The featured seed always has a connection to Michigan. It’s a great opportunity for seed libraries to offer a shared experience and  for the network to help new members by providing packets and posters to offer to the community. 

This year’s seed is the Grand Rapids Lettuce seed, named after Eugene Davis, a Grand Rapids native known in the 1800s as “the father of forced lettuce.” According to the CADL seed library, the name came from “The greenhouse winter lettuce industry in Grand Rapids that supplied the Great Lakes region and beyond for decades.” 

 The Capital Area District Library in Mason was an early participant in the network. 

“We’ve worked with the Capital Area District Library a number of different ways.

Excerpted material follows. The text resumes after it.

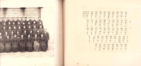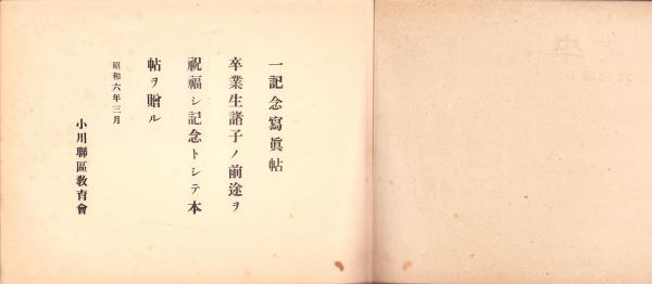 • 解説 B5判、横本、活字5頁、写真7頁、現在先生名簿1頁、左下角水ぬれ

They’ve always been big supporters of our programs, they’ve helped sponsor our website in the past and help us cover some of the costs of hosting. We do a lot of programming for them and some of the librarians have presented at our seed library summit, so we have a great relationship with the Capital Area District Library just to collaborate with them a lot,” Cohen said. 

Heather Goupil, head librarian in Mason, said becoming a seed library has increased visitors to the library. 

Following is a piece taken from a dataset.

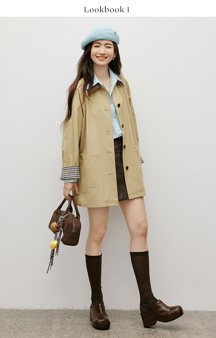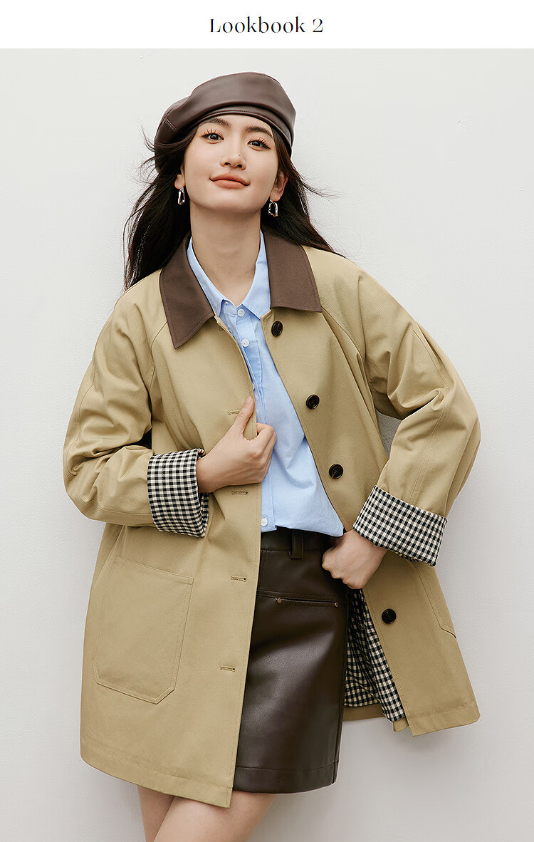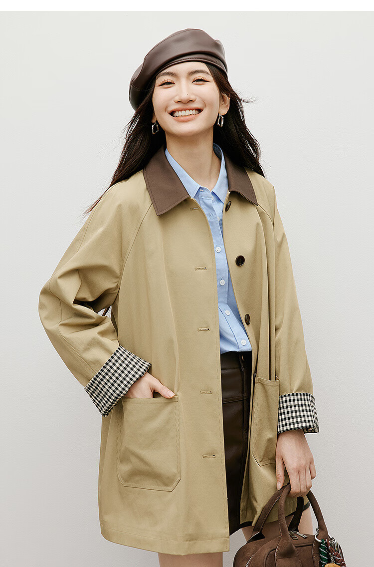 Red Sleeve Retro Casual Windbreaker 2025 Autumn New Women's Barn Style Contrast Color Plaid Splicing Lapel Temperament Jacket Khaki 3038 S

“CADL seed sharing numbers rose from five branches sharing 2,400 seed packets in 2021, to six branches sharing over 8,000 seeds in 2022, and this year we have over 15,000 packets to share at nine locations,” Goupil said. 

A seed library provides seeds that you can have to start growing. This can benefit local gardeners who can now receive seeds with no cost. The MI Seed Library Network has partnered up with numerous public libraries across Michigan to expand information to local residents on how to raise seeds and l garden in a sustainable way. 

John Takif, Capital Area District librarian, said, 

“We have a bunch of free seeds, actually, not just the Grand Rapids …we have flowers, we have vegetables, we have herbs, we are also having a few gardening related activities. We have a gardening related program coming up,” Takif said.

According to CADL’s Seed Library, members are able to borrow seeds from April till May while supplies last. Other locations participating in the initiative can be found through the MI Seed Library Network.